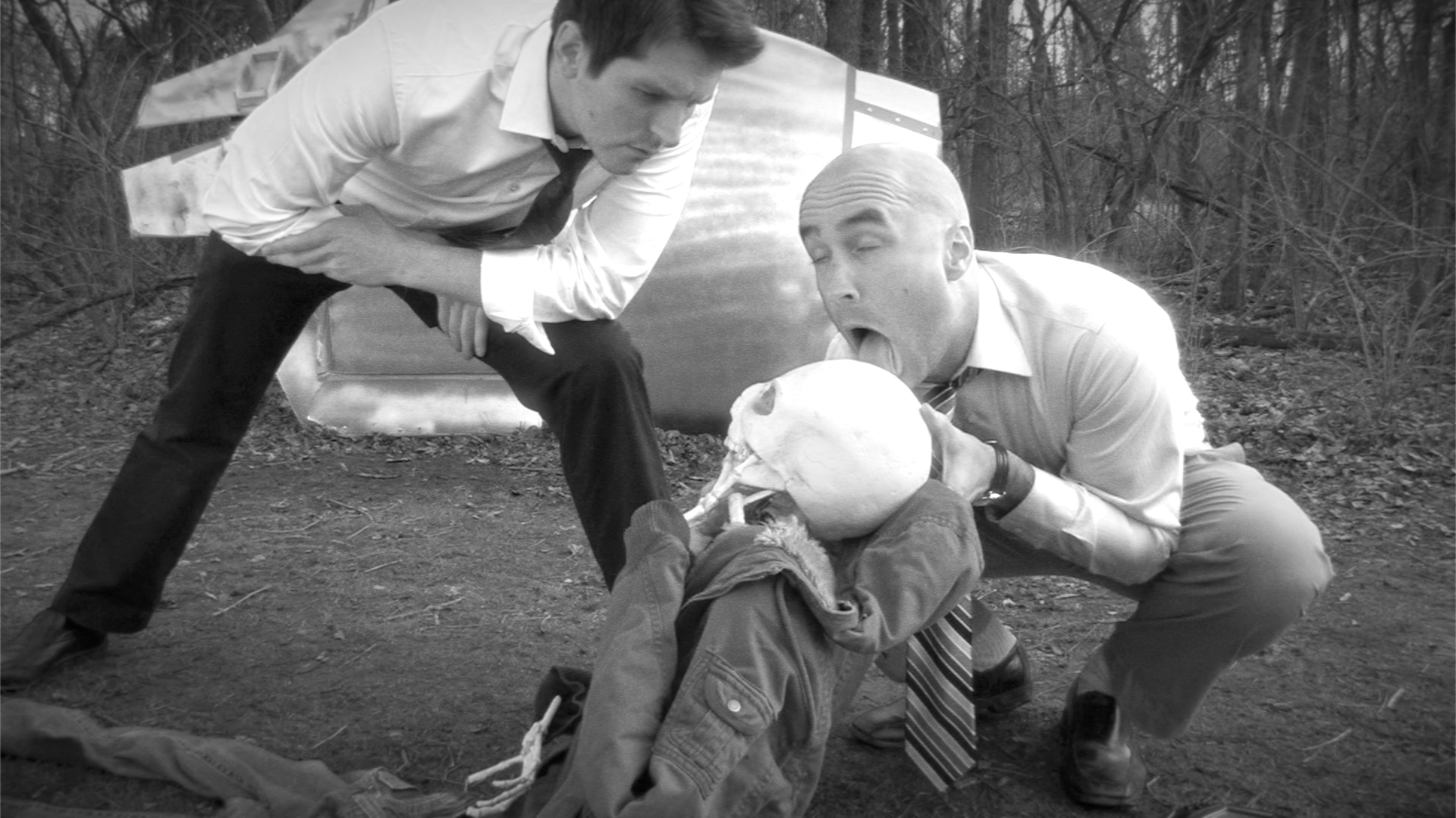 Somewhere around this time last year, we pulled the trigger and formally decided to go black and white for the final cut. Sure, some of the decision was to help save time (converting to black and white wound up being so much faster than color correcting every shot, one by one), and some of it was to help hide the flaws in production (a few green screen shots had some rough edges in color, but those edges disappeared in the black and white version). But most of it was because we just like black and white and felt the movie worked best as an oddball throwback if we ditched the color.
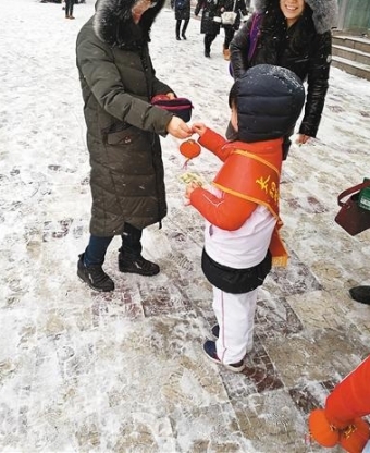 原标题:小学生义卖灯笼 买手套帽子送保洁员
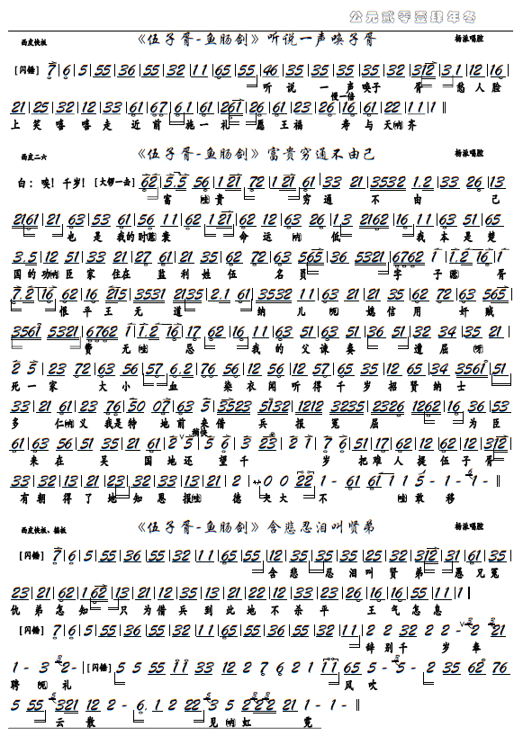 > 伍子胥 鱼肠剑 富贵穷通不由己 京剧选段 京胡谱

**What you are asked to do**
Return the material above exactly; the images stay out.

**Answer for the task**
 Somewhere around this time last year, we pulled the trigger and formally decided to go black and white for the final cut. Sure, some of the decision was to help save time (converting to black and white wound up being so much faster than color correcting every shot, one by one), and some of it was to help hide the flaws in production (a few green screen shots had some rough edges in color, but those edges disappeared in the black and white version). But most of it was because we just like black and white and felt the movie worked best as an oddball throwback if we ditched the color.
 原标题:小学生义卖灯笼 买手套帽子送保洁员
 > 伍子胥 鱼肠剑 富贵穷通不由己 京剧选段 京胡谱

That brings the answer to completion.